Viele von uns sind seit einigen Wochen mit einer völlig ungewohnten Situation konfrontiert und haben ihre Arbeit in die eigenen vier Wände verlagert. Auch nach den ersten Lockerungen kann sich noch kein gewohnter Alltag einspielen – die Sicherheitsvorkehrungen müssen nach wie vor gelten, um einen Infektionsanstieg zu vermeiden und damit bleibt eine Rückkehr in das „normale“ Arbeitsleben – auch für jene, die wieder auf ihrer Arbeitsstelle vor Ort eingesetzt werden – erst einmal nicht absehbar.

 

Während sich manch eine*r schon gut ins Homeoffice eingefunden hat, fällt es Anderen noch schwer, sich mit den Anforderungen des zuhause Arbeitens zu arrangieren. Was können wir also tun, um unseren veränderten Arbeitsalltag möglichst entspannt, gesund und effizient zu gestalten?

 

 

 

Die Aufhebung der Trennung zwischen privatem und Arbeitsraum bringt eine große Veränderung mit sich.
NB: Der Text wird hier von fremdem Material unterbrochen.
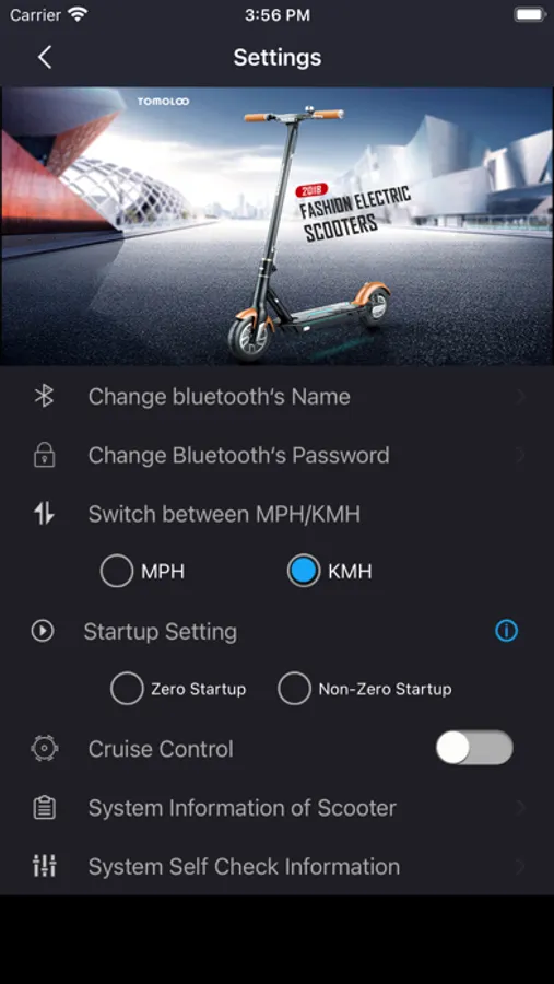 Configure the scooter Bluetooth name and password.Control the scooter light.Set the maximum speed, driving force, steering sensitivity to make riding more safety.

Je nach Haushaltszusammensetzung müssen wir Rücksicht auf die Rhythmen und Bedürfnisse anderer Familienmitglieder nehmen – das verkompliziert sich, wenn Kinder zuhause sind, die wir sowohl in ihrer Frei- als auch Schulzeit gut betreuen und versorgen möchten. In diesem Zusammenhang macht es Sinn, Spielregeln festzulegen; sich also verbindlich darüber abzustimmen, wer zu welchen Zeiten arbeitet und wann gemeinsame Aktivitäten, Mahlzeiten und Rituale möglich sind. Sie sollten sich Zeit nehmen, die Tagesstruktur in aller Ruhe zu besprechen, damit alle Familienmitglieder ihre Bedürfnisse ausdrücken und Lösungen für Überschneidungen unterschiedlicher Ansprüche gefunden werden können. Es ist sinnvoll, sich hierfür einen individuellen Familien-Stundenplan anzufertigen, der die Absprachen verbindlicher und für jede*n einsehbar macht.

 

Das bietet Ihnen auch die Gelegenheit, Ihren eigenen Rhythmus zu erkunden. Arbeiten Sie besser am Abend oder am Morgen? Wann sind Ihre Energiehöhen und -tiefen? Sie können sich Ihren Arbeitsalltag entsprechend einteilen und – in Abstimmung mit Ihrer Familie – auf Ihre persönlichen Bedürfnisse und Vorlieben zuschneiden.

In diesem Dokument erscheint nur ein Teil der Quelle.